= Exercise brief =
Quote all lines below exactly. Images stay out.
** Records provided follows **
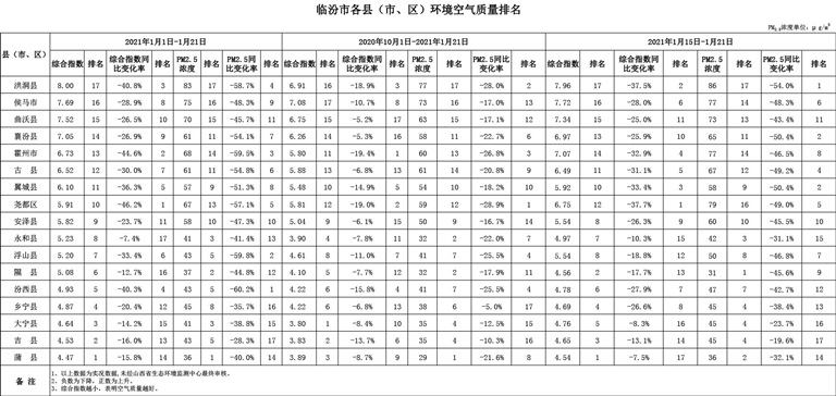 1、以上數據為實況數據,未經山西省生態環境監測中心最終審核。 2、負數為下降,正數為上升。 3、綜合指數越小,表明空氣質量越好。
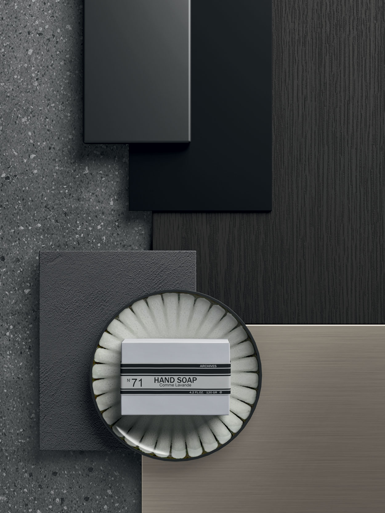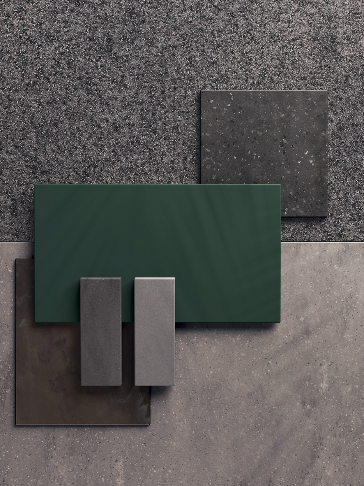 Corian® Ash Aggregate, Corian® Carbon Aggregate, Lamiera Materica, Laccato opaco Verde Pino, Corian® Carbon Concrete
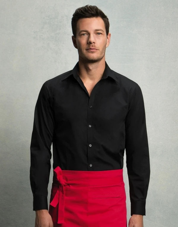 120 g/qm • 57% Baumwolle, 40% Polyester, 3% Elasthan • Pflegeleichtes Langarm-Hemd • Verstärkter Kragen • Ton-in-Ton Knöpfe • Verstellbare Manschetten • Halbrunder Saumabschluss.
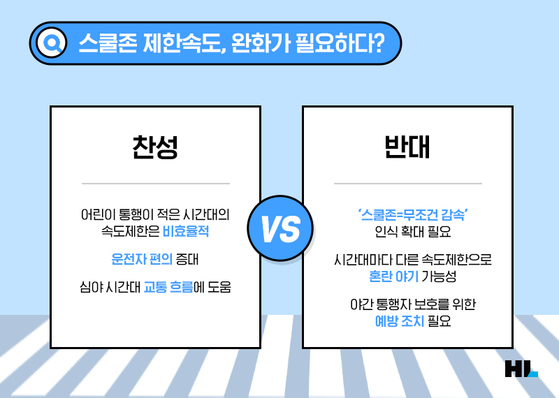 제도의 변화에 대한 사람들의 생각은 어떨까요? 심야시간 스쿨존 속도제한 완화에 대한 찬반 의견은 첨예하게 엇갈리는데요. 스쿨존 시간제 속도제한에 찬성하는 이들은 ‘어린이 통행시간이 적은 시간대의 30㎞/h 제한은 비효율적이다’, ‘(차량의) 통행시간 감소에 도움이 된다’, ‘실제 생활에서 이 정도의 유연함은 필요하다’ 등 편의성과 효율성의 향상을 주된 이유로 꼽고 있습니다.
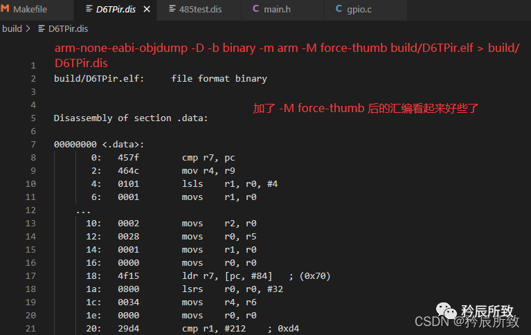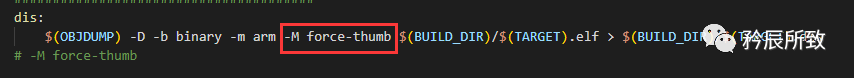 \((OBJDUMP) -D -b binary -m arm \)(BUILD_DIR)/\((TARGET).elf > \)(BUILD_DIR)/\((TARGET).dis<br /><span style="color: #5c6370;font-style: italic;line-height: 26px;"># \)(OBJDUMP) -D -b binary -m arm \((BUILD_DIR)/\)(TARGET).bin > \((BUILD_DIR)/\)(TARGET).dis
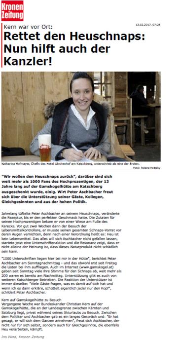 Zudem wurden parlamentarische Anfragen gestellt (11965/J, 11952/J), um den Hintergrund für das Heuverbot offen zu legen. Seitens des betroffenes Wirtes der Gamskogelhütte wurde ebenso eine Online-Petition gestartet, um den Heuschnaps zu erhalten. Medienberichten zufolge hat auch Bundeskanzler Christian Kern den Heuschnapsbefürwortern seine Unterstützung zugesagt und versprochen, sich dieser Sache anzunehmen (siehe Anhang).
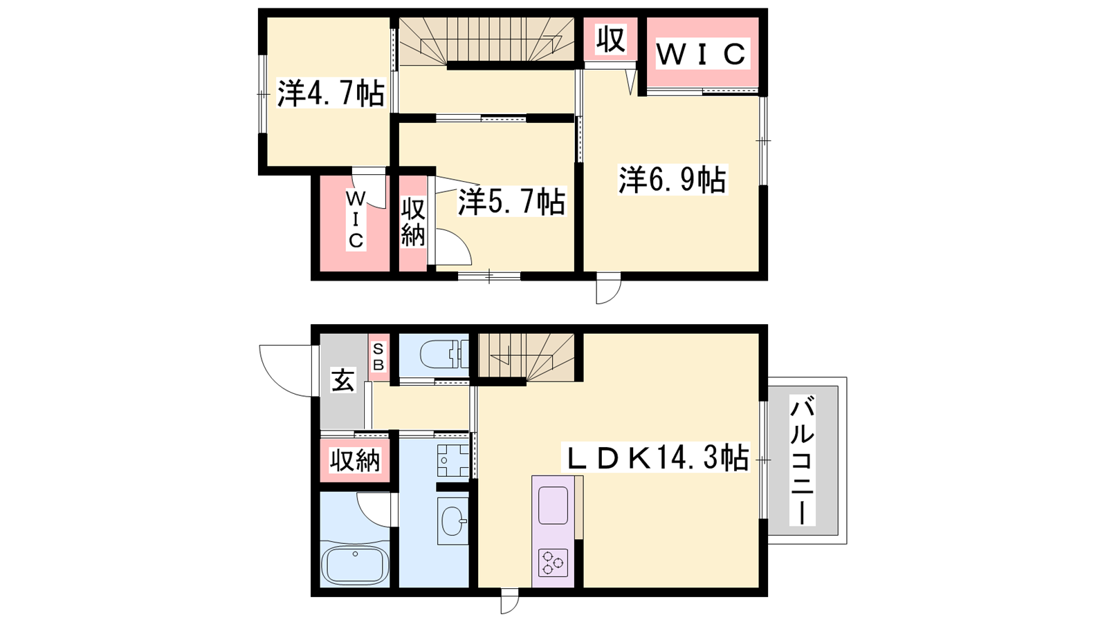 - LDK14.3帖、洋室8.9帖、洋室5.7帖、洋室4.7帖
** End of Records provided **
= Output of the exercise =
 1、以上數據為實況數據,未經山西省生態環境監測中心最終審核。 2、負數為下降,正數為上升。 3、綜合指數越小,表明空氣質量越好。
 Corian® Ash Aggregate, Corian® Carbon Aggregate, Lamiera Materica, Laccato opaco Verde Pino, Corian® Carbon Concrete
 120 g/qm • 57% Baumwolle, 40% Polyester, 3% Elasthan • Pflegeleichtes Langarm-Hemd • Verstärkter Kragen • Ton-in-Ton Knöpfe • Verstellbare Manschetten • Halbrunder Saumabschluss.
 제도의 변화에 대한 사람들의 생각은 어떨까요? 심야시간 스쿨존 속도제한 완화에 대한 찬반 의견은 첨예하게 엇갈리는데요. 스쿨존 시간제 속도제한에 찬성하는 이들은 ‘어린이 통행시간이 적은 시간대의 30㎞/h 제한은 비효율적이다’, ‘(차량의) 통행시간 감소에 도움이 된다’, ‘실제 생활에서 이 정도의 유연함은 필요하다’ 등 편의성과 효율성의 향상을 주된 이유로 꼽고 있습니다.
 \((OBJDUMP) -D -b binary -m arm \)(BUILD_DIR)/\((TARGET).elf > \)(BUILD_DIR)/\((TARGET).dis<br /><span style="color: #5c6370;font-style: italic;line-height: 26px;"># \)(OBJDUMP) -D -b binary -m arm \((BUILD_DIR)/\)(TARGET).bin > \((BUILD_DIR)/\)(TARGET).dis
 Zudem wurden parlamentarische Anfragen gestellt (11965/J, 11952/J), um den Hintergrund für das Heuverbot offen zu legen. Seitens des betroffenes Wirtes der Gamskogelhütte wurde ebenso eine Online-Petition gestartet, um den Heuschnaps zu erhalten. Medienberichten zufolge hat auch Bundeskanzler Christian Kern den Heuschnapsbefürwortern seine Unterstützung zugesagt und versprochen, sich dieser Sache anzunehmen (siehe Anhang).
 - LDK14.3帖、洋室8.9帖、洋室5.7帖、洋室4.7帖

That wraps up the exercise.